Take the 2-minute tour ×
Unix & Linux Stack Exchange is a question and answer site for users of Linux, FreeBSD and other Un*x-like operating systems.. It's 100% free, no registration required.

I'm trying to put up a temporary band-aid while I work out a solution for a app's memory leak. What I wrote was a small bash script that I put in the root on the server.

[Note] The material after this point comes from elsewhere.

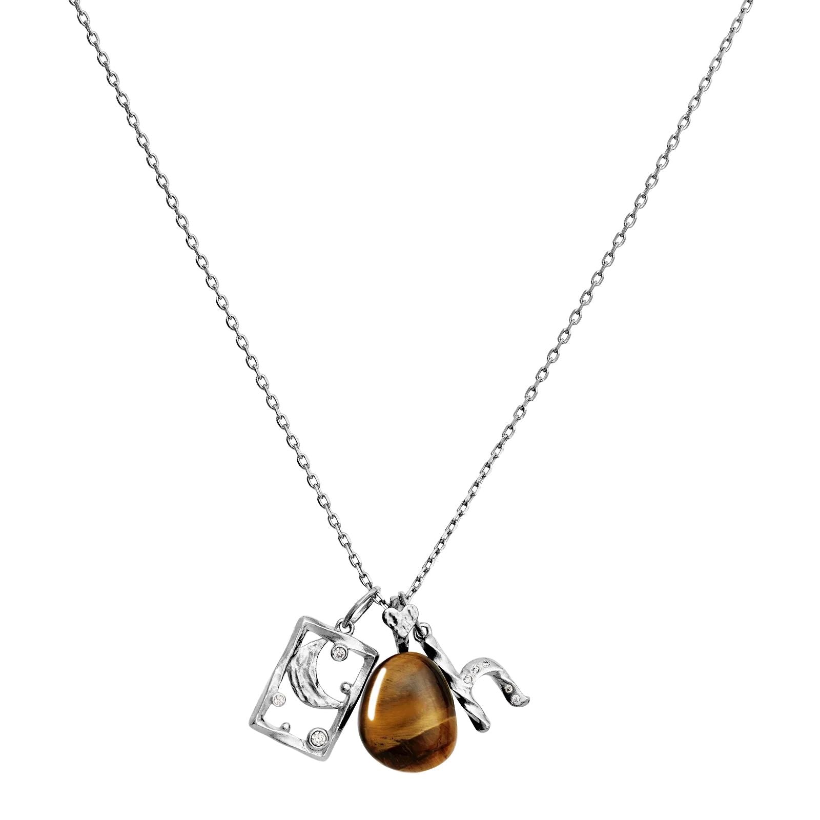 Hänge från Maanesten med en dropformad tigeröga-sten i guld- och bruna nyanser. Stenen har ett randigt mönster och en slät yta. Hänget har ett hjärtformat fäste.

This is what the script is suppose to do:

  1. Get the location it's run in
  2. Check to to see if the script is the crontab
  3. If not in the crontab add to the crontab to run every 5mins
  4. Test the memory and check to see if the % is above percent_allowed
  5. If above test then restart nginx & php-fmp services

memory_protect.sh:

#!/bin/sh
cronfile=memory_protect.sh    #NOTE THIS SHOULD DETECT IT'S SELF
path=pwd                      #this is the path to the file 
percent_allowed=80            #this should be max memory before action

has_cron(){
    #is the file in the cron?
    return [[ crontab -l | egrep -v '^$|^#' | grep -q $cronfile ]] && return 1 || return 0
}
test_memory(){
    memusage=`top -n 1 -b | grep "Mem"`
    MAXMEM=`echo $memusage | cut -d" " -f2 | awk '{print substr($0,1,length($0)-1)}'`
    USEDMEM=`echo $memusage | cut -d" " -f4 | awk '{print substr($0,1,length($0)-1)}'`

    USEDMEM1=`expr $USEDMEM \* 100`
    PERCENTAGE=`expr $USEDMEM1 / $MAXMEM`
    #if it's above 80% alert
    return [[ $PERCENTAG>$percent_allowed ]] && return 1 || return 0
}

if [[ has_cron -eq 0 ]]
then
    #was not here so add
    #run this script every 5 mins
    */5 * * * $path/$cronfile
fi

if [[ test_memory ]]
then
    #clear some memory
    /etc/init.d/nginx restart
    /etc/init.d/php-fpm restart
fi

The memory test seems to work when I run that by it's self, but this in whole doesn't seem to be working.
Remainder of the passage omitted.